Interboro just received the new issue of Reclaim, the magazine we get for being members of Transportation Alternatives. After reading the issue's depressing story about the MTA's dire financial situation, and getting mad all over again at the State Legislature for nixing congestion pricing, voting "no" on east river tolls, and stealing $143 million from the MTA to plug budget gaps, we came across a story about a town in Colorado (Black Rock) that banned bicycle riding because it is in "the best interest of its citizens, its businesses." The latter are primarily casinos (the town's population is 118).
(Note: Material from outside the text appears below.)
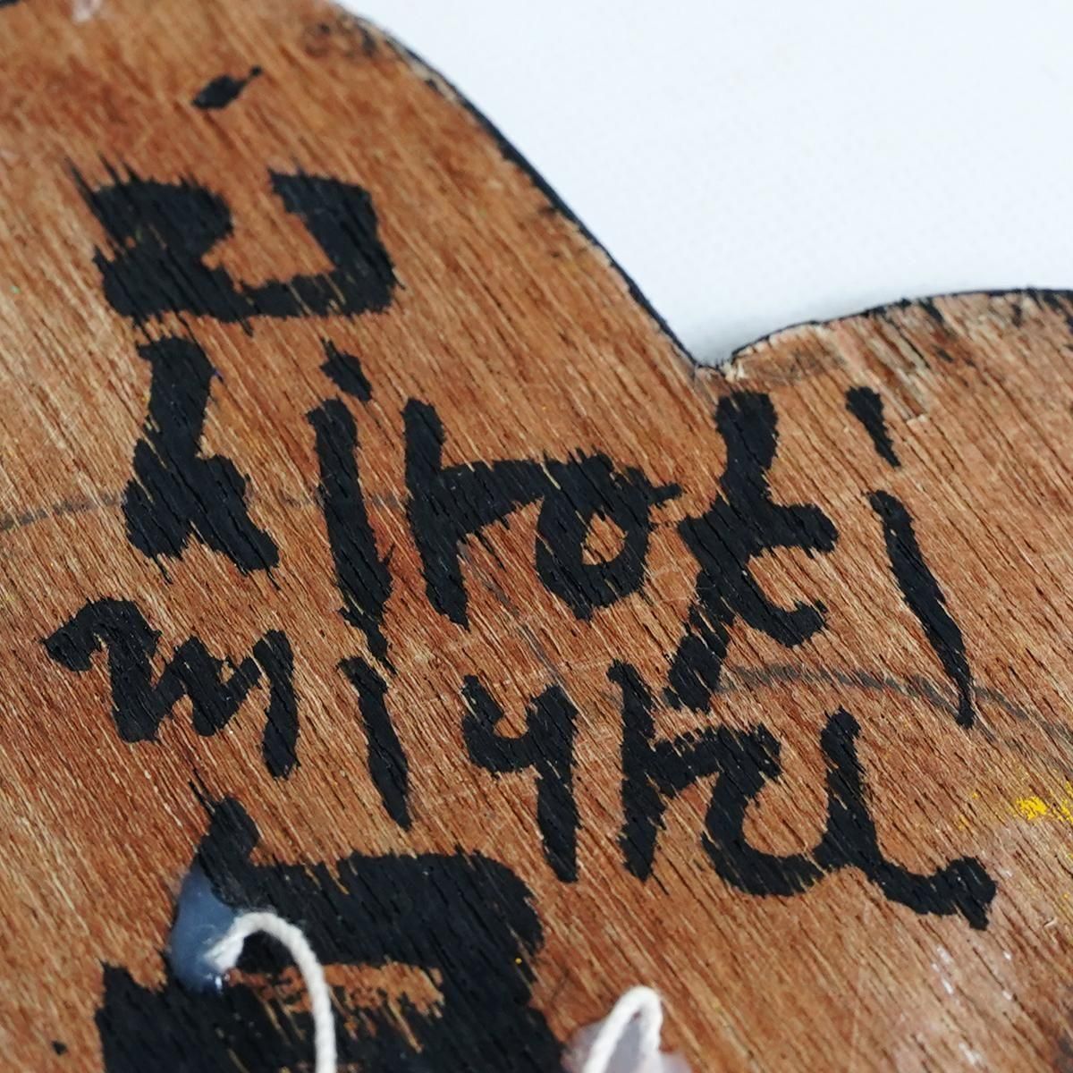 佐賀県にて活動されている三浦宏基さんの作品。 野焼きやガス窯などを使い分け、彩りあふれる器やオブジェなどを日々製作されています。自由な発想が行き交うような作品群は、見ているだけで何か強いエネルギーを感じさせてくれます。 こちらの作品は、木の板にハンドペインティングで描かれた女の子「日々好日ちゃん」。なんとも言えない可愛らしい表情と、素敵な装い。一体一体違った味わいのあるウォールオブジェです。 size:約W34.5cm×H15cm×D0.4cm ※小さい欠けや傷がある場合がございます。製作途中に出来たものですので、作品の風合いとしてお楽しみください。 取り扱い店舗・・・dieci 天神橋店
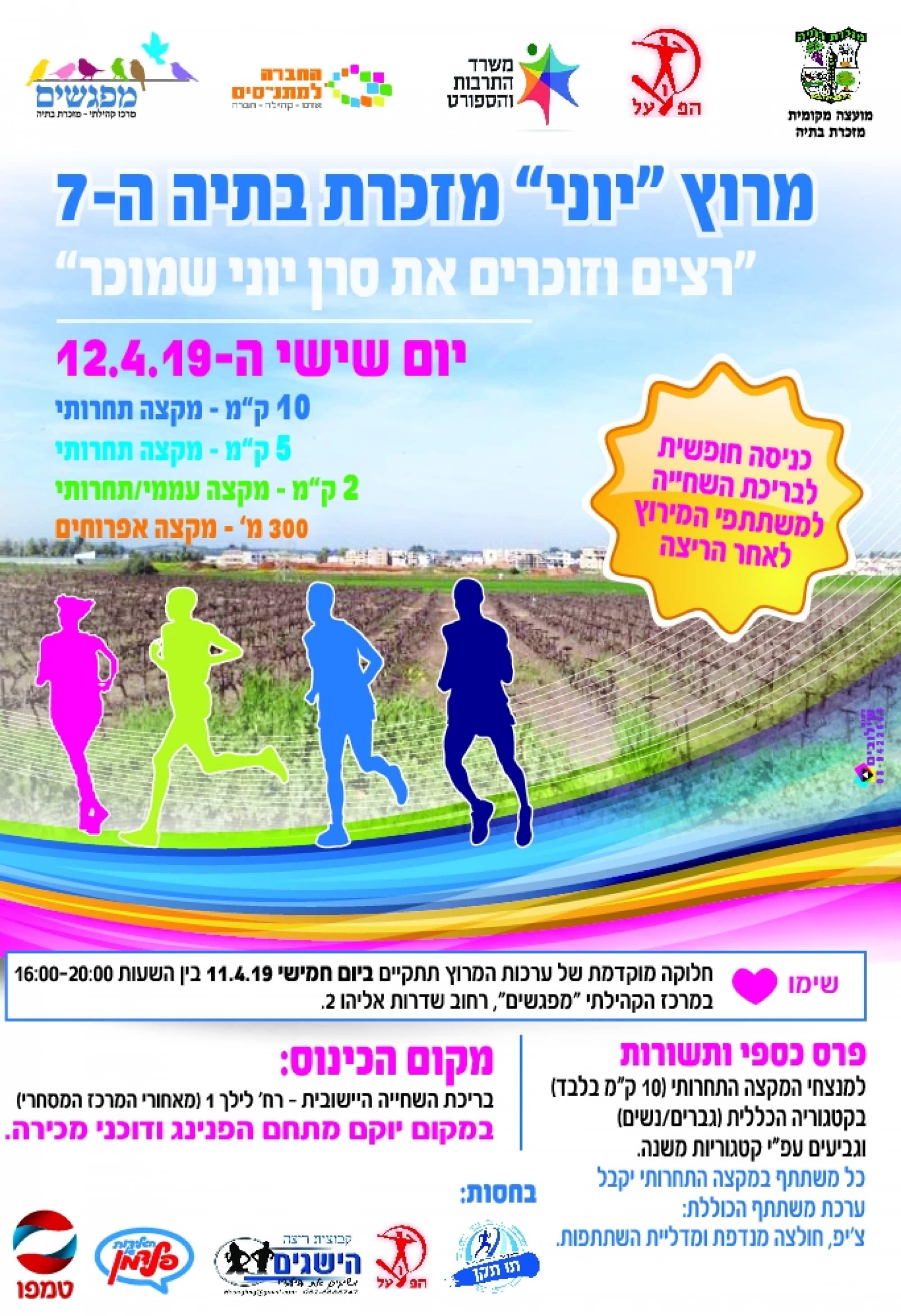 המועצה המקומית מזכרת בתיה בשיתוף מועדון "הישגים" ואיגוד האתלטיקה בישראל, מארגנים את המירוץ המתמקד בשטחים הפתוחים של המועצה וחולש על שדותיה וכרמיה המרהיבים. גם השנה המירוץ מוכר כבעל תו תקן והוא יזכה לסיוע מקצועי צמוד והכרה רשמית בתוצאותיו. מדידת מסלול המירוץ נעשית ע"י מודד מוסמך מטעם ה-AIMS.

Is this even legal? Is there a precedent for it? A quick Google search turns up a handful of bike bans and proposed bike bans: In Missouri, St. Charles County Council member Joe Brazil proposed banning bicycles from several roads around the town of Defiance. In Kansas, the community of De Soto banned bicycles from 83rd Street in their town, citing safety issues on a two-lane road with no shoulders. A bicycling.com article thinks that the Black Hawk ordinance is not enforceable, and that if it is not addressed, it could create a frightening legal precedent. The bicycling.com article concludes that in Colorado, where local authorities are authorized to regulate the operation of bicycles, cities do not have the authority to regulate whether you can operate your bicycle.
The good news is that it looks like the lawyer of good are fighting back against the lawyers of evil. There's even a "boycott Black Hawk" Facebook page (1,705 likes!).
In the meantime, "BICYCLE BAN" wins a place in our Arsenal of Exclusion.